O que sustenta a vida da igreja além do culto
A maior parte do trabalho de uma igreja acontece fora do horário do culto:
- Ensino: escola dominical, estudos bíblicos, formação de novos membros.
- Ação social: distribuição de alimentos, apoio a famílias, visitas a hospitais e presídios.
- Cuidado pastoral: aconselhamento, acompanhamento em momentos de crise, visitas.
- Administração: finanças, manutenção do espaço físico, comunicação — incluindo as obrigações legais e fiscais mencionadas acima.
- Ordenanças e sacramentos: cerimônias como batismo e ceia, tratadas em detalhe em batismo, ceia e outras ordenanças.
Cada uma dessas frentes costuma ter um responsável ou uma equipe própria — é isso que, na prática, chamamos de "ministérios" dentro da igreja local.
Perguntas frequentes
Uma igreja precisa estar ligada a uma denominação?
Não necessariamente.
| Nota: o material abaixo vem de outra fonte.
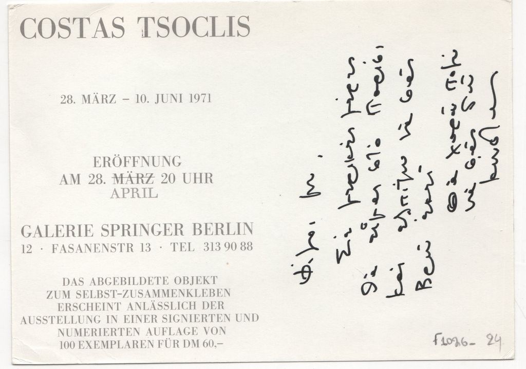 Andreou Kostas (1917 - 2007) ; Fatouros Dimitris (1928 - 2020) ; Spiteri-Veropoulou Ioanna (1920 - 2000) ; Eugène Delacroix (1798 - 1863) ; Touyas Giorgos (1922 - 1994) ; Simossi Gabriela (1926 - 1999) ; Tsoclis Costas (1930) ; Sklavos Yerassimos (1927 - 1967) ; Άγγελος Αγγελόπουλος (1904 - 1995) ; Kontopoulos Alekos (1904 - 1975) ; Mylonas Alex (1923 - 2016) ; Vyzantios Ntikos (1924 - 2007) ; Berto Lardera ; Valsamis Kostas (1908 - 2003) ; Gaitis Yannis (1923 - 1984) ; Le Corbusier (1887 - 1965) ; Georges Mathieu (1921 - 2012) ; Theodoros (Papadimitriou) (1931 - 2018) ; Takis (Vassilakis Panayiotis) (1925 - 2019) ; Victor Vasarely ; Philolaos (Tloupas) (1923 - 2010) ; Kessanlis Nikos (1930 - 2004) ; Kriezi Tita (1930 - 2021) ; Lyberaki Aglaia (1923 - 1985) ; Maltezos Yannis (1915 - 1987) ; Molfesis Iasson (1925 - 2009) ; Paniaras Kostas (1934 - 2014) ; Karras Kostas (1936 - 2012) ; Γιώργος Βαφειάδης

Existem igrejas independentes ou não denominacionais, que não respondem a uma convenção maior. A maioria das igrejas cristãs, porém, faz parte de alguma denominação ou rede.
Qual a diferença entre pastor e bispo?
Em termos gerais, o pastor lidera diretamente uma congregação; o bispo supervisiona várias igrejas ou uma região. Nem toda denominação usa o cargo de bispo — isso depende do modelo de governança adotado.
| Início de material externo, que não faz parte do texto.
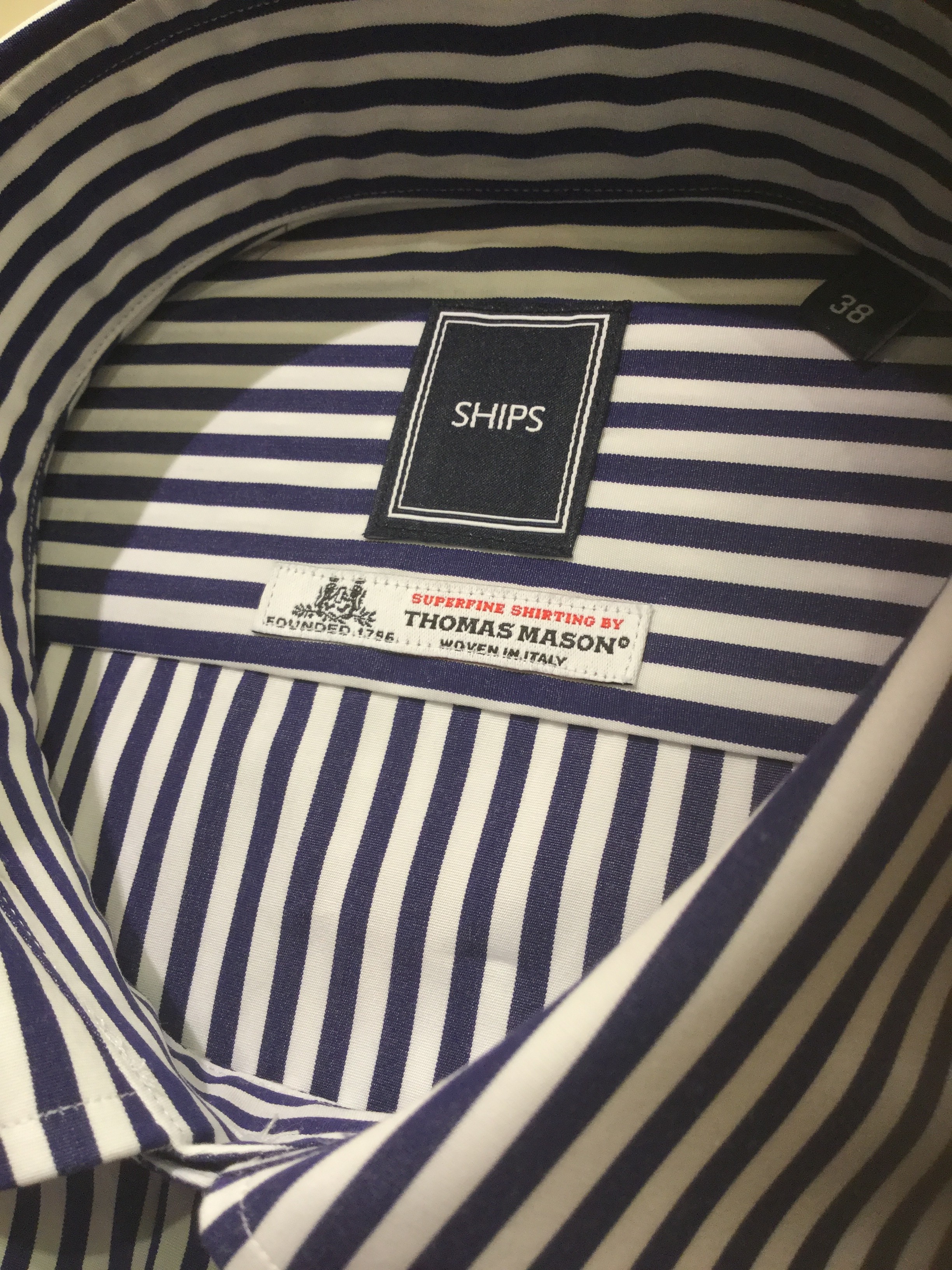 【THOMAS MASON(トーマスメイソン)】   1796年に英国ランカシャーで設立されたトーマスメイソン。   英国王家御用達のシャツ生地メーカーとして有名。   また、某ハイグレードブランド御用達のシャツ生地メーカーとしても名を馳せるブランドなんです。   現在は上記の通り、ALBINIの傘下となりましたが、   英国テイストを強く残し、糸質やデザインをALBINIとは別に構築されています。   そんなトーマスメイソンの生地をSHIPSではなんと、

Toda igreja no Brasil precisa ter CNPJ?
Para funcionar formalmente — abrir conta bancária, contratar funcionários, receber doações de forma regularizada e emitir recibos — sim. A legislação brasileira trata organizações religiosas como um tipo próprio de pessoa jurídica, com registro em cartório e inscrição no CNPJ.
Conclusão
Por trás de qualquer igreja existe um modelo de governança, um conjunto de lideranças com funções definidas, uma rede de ministérios que sustenta a vida da congregação além do culto de domingo, e, no Brasil, uma existência formal como pessoa jurídica de direito próprio. Os nomes e os detalhes mudam de denominação para denominação, mas essa estrutura básica está presente na grande maioria das tradições cristãs.
Fontes
- World Council of Churches. Member churches.
- Encyclopaedia Britannica. Church government.
- Conferência Nacional dos Bispos do Brasil (CNBB). Estrutura da Igreja Católica no Brasil.
- Migalhas. A natureza jurídica das entidades religiosas.